Brexit challenges both UK and non-UK businesses
Over the next decade, with economic challenges and potential tariff barriers post Brexit, both UK-based businesses and also those businesses exporting into the UK, will be facing uncertainty, pricing challenges and competitive pressures.
The impact on business services
The inevitable response of businesses tightening their budgets will impact the professional service firms which supply them with research, legal, accounting, consulting, design and other business services.
Professional service firms will need to respond in two ways: 1. Enhance their business value proposition – through innovation – so that customers are less price-sensitive and 2. Reduce costs where possible. This article focuses on how service firms can reduce costs through the intelligent targeting of waste.
Use a magnifying glass – not an axe – for cost reduction
Conventional approaches to cost reduction in professional service firms – sweeping the ‘axe’ of redundancies – risk cutting away core value-adding activities in the business along with any ‘fat’. A better approach is to apply the ‘magnifying glass’ to seek out wastes in service delivery and then eliminate them using Lean principles.
By reducing the costs associated with waste activities, cost reduction goals can be met without impacting the service and value delivered to clients. Indeed the opposite is typically the case – with a more streamlined and systematic way of working delivering a more responsive and consistent service to clients.
In our work with professional service firms over the last decade
we’ve found that service re-engineering typically reduces the cost
of service delivery by between 25-50% whilst maintaining service quality.
There are three key steps required in achieving waste elimination in service delivery:
- Find wastes.
- Remove wastes.
- Stop wastes returning!
Find wastes
Wastes are activities that do not add value – and so professional time spent performing such work can be eliminated without impacting the service to the client – whilst reducing the cost of delivery. The key approaches that are effective in doing this are:
- Find a Champion – a Partner or Manager to lead the work
- Engage fee earners – who know how work is actually performed today
- Understand the client requirements – what’s important to them, today’s service experience
- Map the service – create a picture of the end-to-end service as it is today
- Apply Lean techniques – to identify waste and inefficiency
Waste elimination means that service costs
can be reduced without lowering quality.
Remove wastes
The key steps to be followed in removing waste from a service are:
- Re-engineer the service using a TO-BE design that provides a more efficient and controlled service – making use of procedures, templates and workflow.

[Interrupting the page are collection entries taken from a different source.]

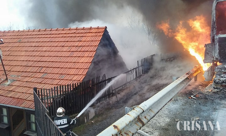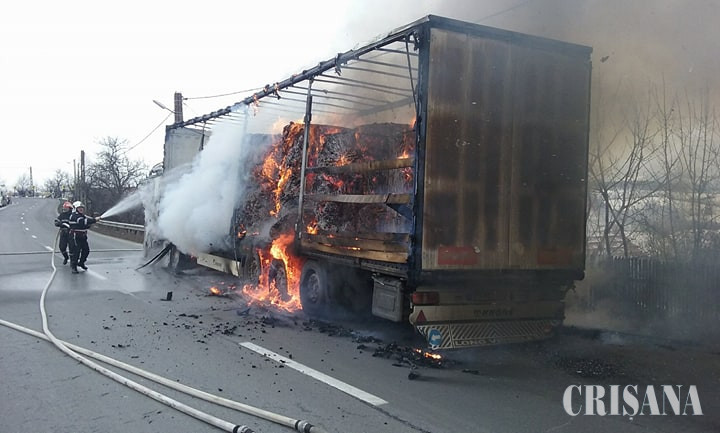 Ieri, în jurul orei 12.30, o persoană a sesizat Inspectoratul pentru Situaţii de Urgenţă „Crişana” al judeţului Bihor cu privire la producerea unui incendiu la un TIR, pe raza localității Beznea. La fața locului au fost mobilizate trei echipaje de pompieri militari din cadrul Stației Aleșd cu două autospeciale de stingere și o ambulanță de tip B2, un echipaj din cadrul Detaşamentului 1 de Pompieri Oradea cu o autospecială de lucru cu apă și spumă și Serviciile Voluntare pentru Situații de Urgență Bratca, Bulz și Borod. Potrivit purtătorului de cuvânt al ISU Crişana, Camelia Roşca, „în momentul sosirii forțelor de intervenție, incendiul se manifesta violent la nivelul întregului autovehicul, flăcările extinzându-se și la acoperișul unei locuințe din apropiere, respectiv la un gard din lemn”. Echipajele de pompieri au acționat simultan pentru protecția locuinței, împiedicând propagarea flăcărilor la întregul acoperiș și pentru stingerea incendiului la autocamionul încărcat cu materiale combustibile. În urma producerii evenimentului, a cărui cauză probabilă este în curs de cercetare, au ars autovehiculul și marfa transportată (11 baloți de hârtie a câte aproximativ 3 tone fiecare), circa 20 de metri pătrați elemente de construcție din structura acoperișului casei și un gard din lemn. Incendiul a fost stins în jurul orei 13.30, iar la ora 15.00, forțele de intervenție acționau în continuare la fața locului pentru înlăturarea efectelor negative ale evenimentului. Nu au existat persoane rănite.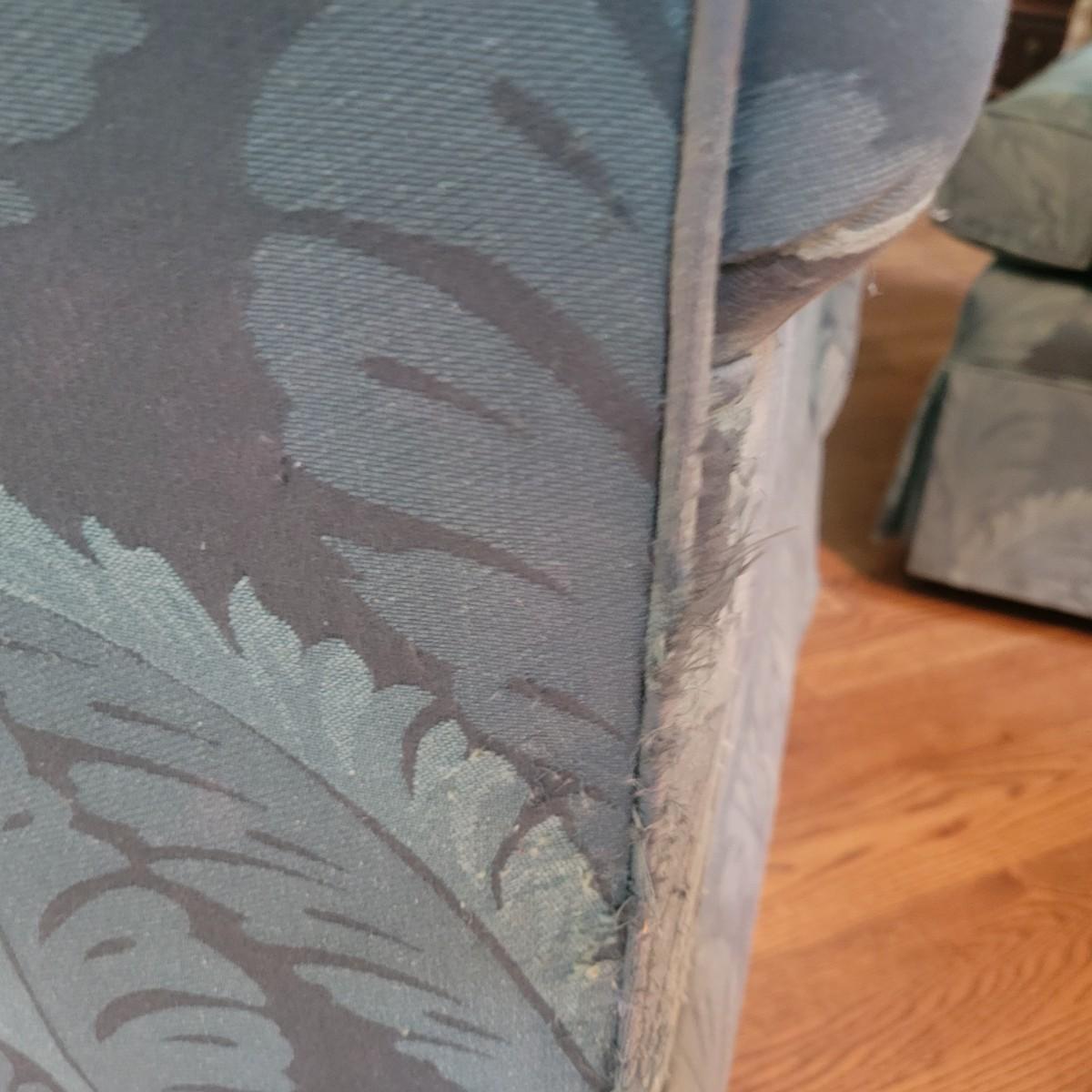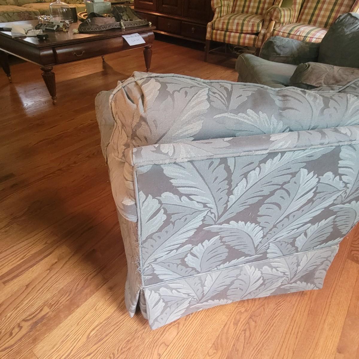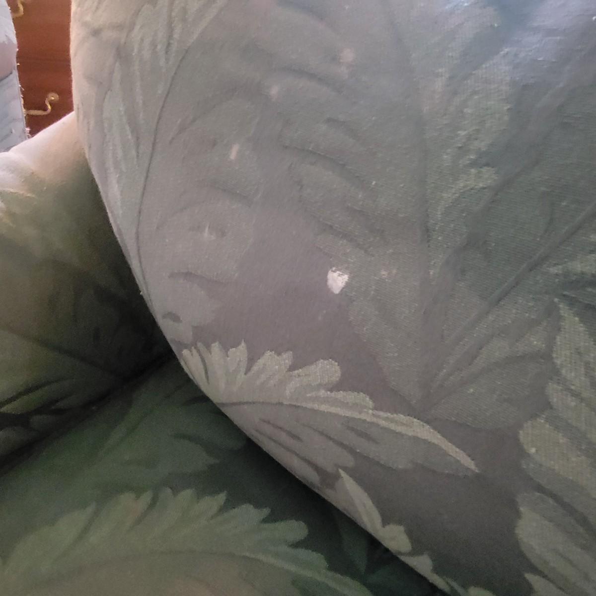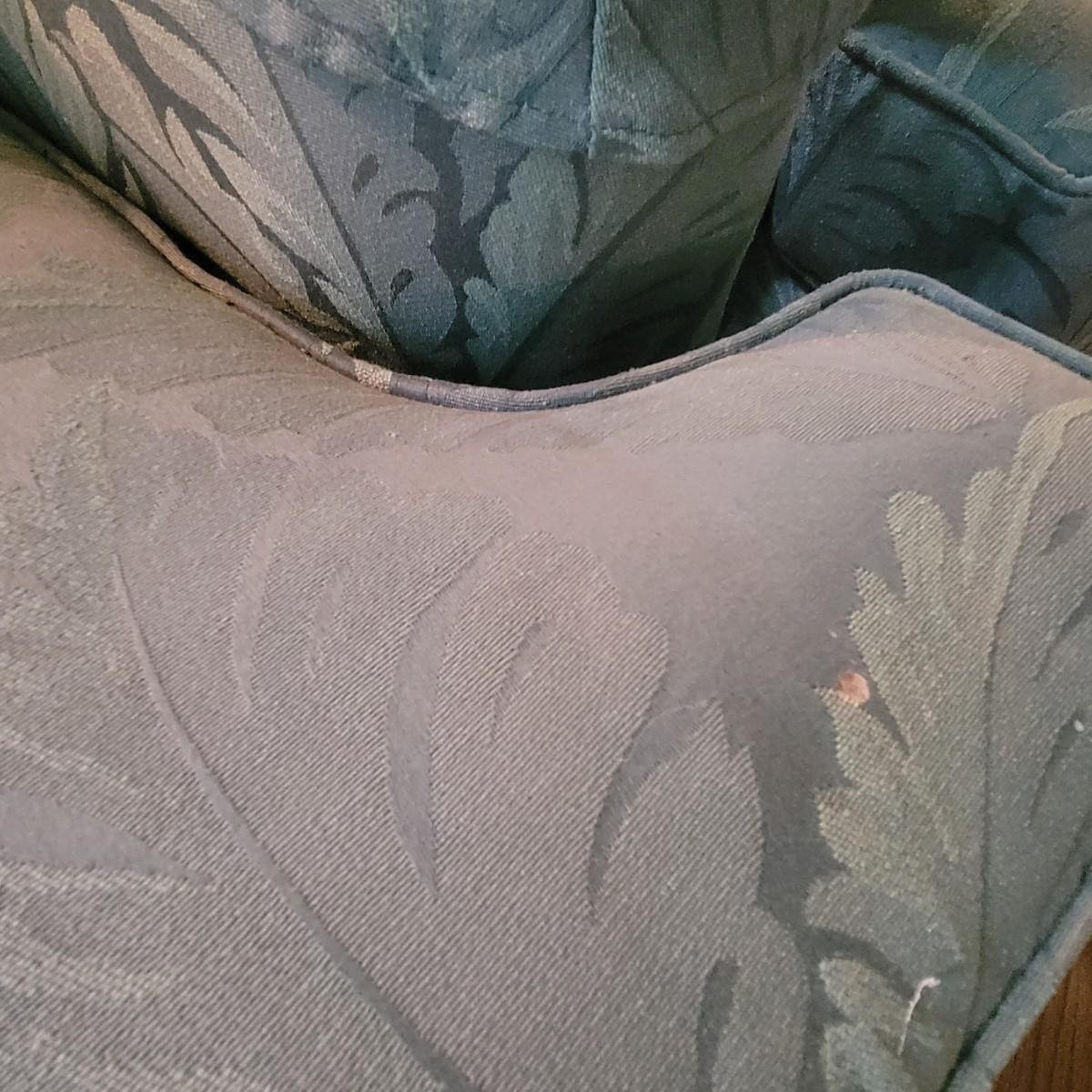 A set of two armchairs crafted by Ethan Allen with a green floral motif. The fabric has some damage from use and cats. One chair has a rip behind the back cushion. See photos. Measure approximately 36" x 28" x 30" each. Local pickup only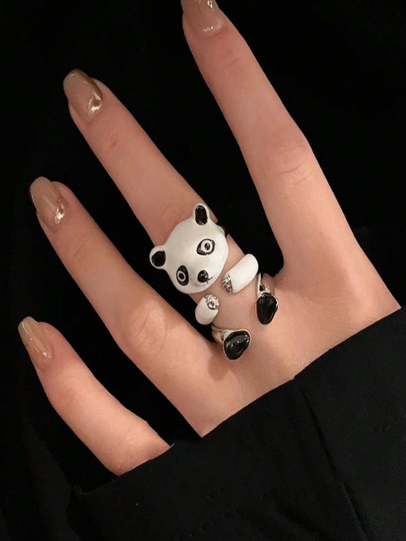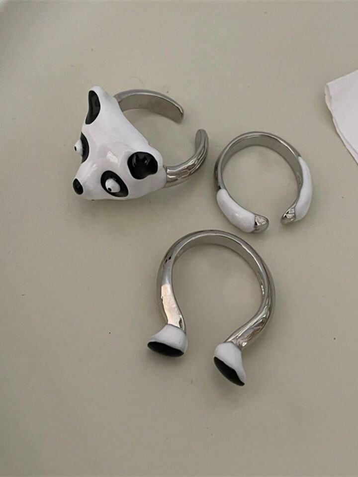 Kawaii 3pcs Cute Zinc Alloy Cartoon Panda Decor Cuff Ring For Women For Daily Decoration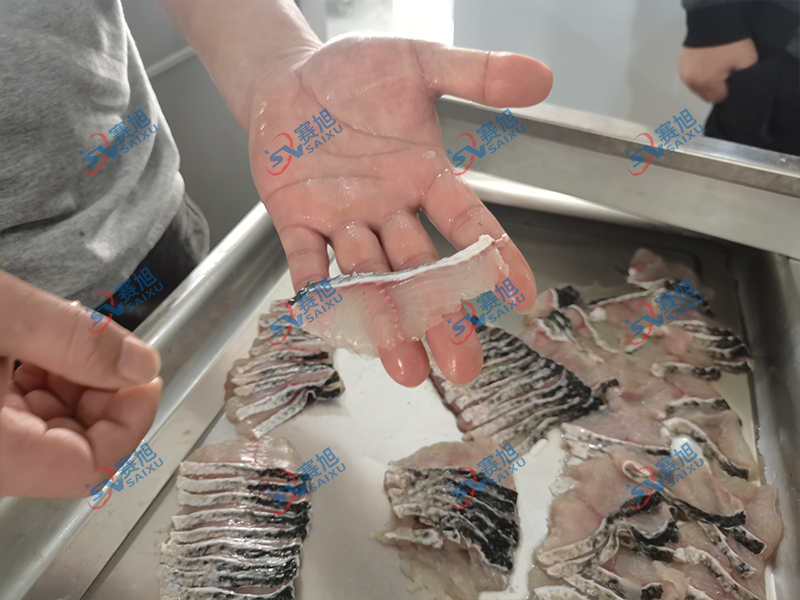 【殺魚機(jī)魚片機(jī)】切片平整光滑,充分保護(hù)魚片的鮮嫩,保證魚片的嫩滑口感
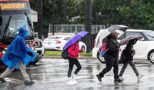 Record-breaking rain drenches Long Beach; continuous showers...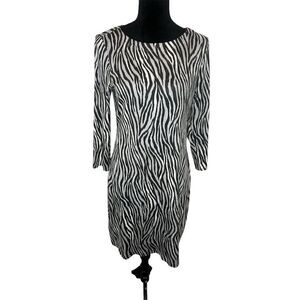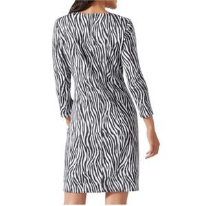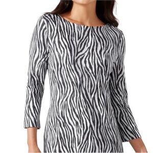 Keywords: Tommy Bahama, zebra print, chic dress, knee-length, gray dress, casual wear, spring fashion, 3/4 sleeve, round neck, lightweight fabric, elegant, comfortable, machine washable, new with tags.
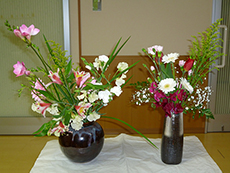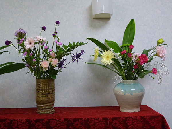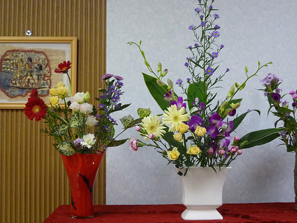 フラワーサークルはお花の好きな方が流派にとらわれず自由にお花を生けこみ楽しんで頂いて、お互いのお花を眺めながらお茶を頂いています。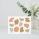 Modern abstract shapes postcard. The shapes are burnt orange, olive green, pink, and grey.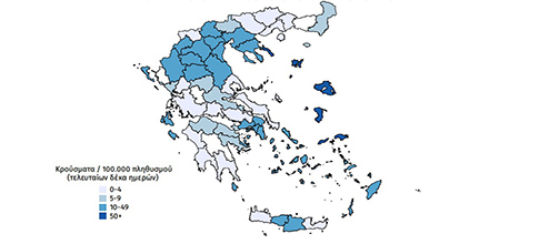 210 αφορούν την Αττική (174 χθες) - Τα 6 συνδέονται με γνωστές συρροές, ενώ 10 αναφέρουν πρόσφατο ταξίδι στο εσωτερικό της χώρας.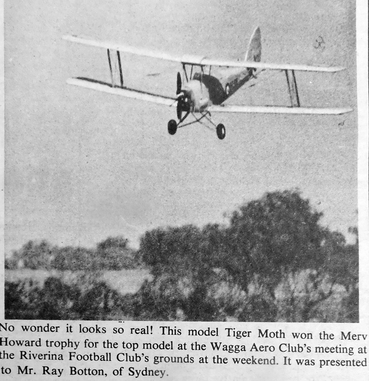 - 5000 spectators attended a two-day meeting of the Wagga Model Aero Club held in the Riverina Australian Football Club grounds. Winner of the Merv Howard trophy for the top model was Ray Botton with a Tiger Moth model.

- This reduces service delivery costs in two ways: (1) Reducing the fee earner time required to perform the service and (2) Performing the work using a lower cost blend of personnel (i.e. work pushed down to more junior and less expensive personnel) or automating it. Our work on service re-engineering over the past decade has shown that typically 25-50% of this cost can be removed.
- Maintain service quality by placing work elements at the skill level at which it can be performed at least to the same level of quality as before (through use of codification into procedures and templates and then personnel trained to these methods). In our experience service quality and responsiveness is actually improved post re-engineering.
- Use the freed up personnel to perform other work (thus yielding cost avoidance) or made redundant (yielding cost reduction).
- Generate new revenue using experienced personnel who have been freed up by re-engineering, to work on more complex and higher margin work – if the firm had opportunities which would have needed new hires to meet.
Stop wastes returning!
It is important in a people-based business to ensure that costs don’t ‘drift back’, especially into the delivery of fee earning work. This is why new working methods need to be supported by standardisation of repetitive work elements, making use of procedures and templates. Case Management and workflow systems can help ‘lock in’ new procedures. New metrics should be put in place to monitor time spent on matters by work element and fee earner type – to both ensure that target times are being met and also to support continuous improvement.
Conclusions
A waste-focused approach to reducing service costs in professional service firms is powerful in enabling services to be delivered at a lower cost and at least equal quality and service as before. This is not the case with the more typical people-focused redundancy approach – which can significantly impact clients through reduced service quality.
Lean-based cost reduction is a powerful approach
that is seldom used effectively in professional service firms.
One key reason for this is that few of these firms have ‘process-thinking’ in place to enable process-based improvement. This is changing with the increasingly competitive landscape for services and the accelerating use of IT and the internet for digital services delivery.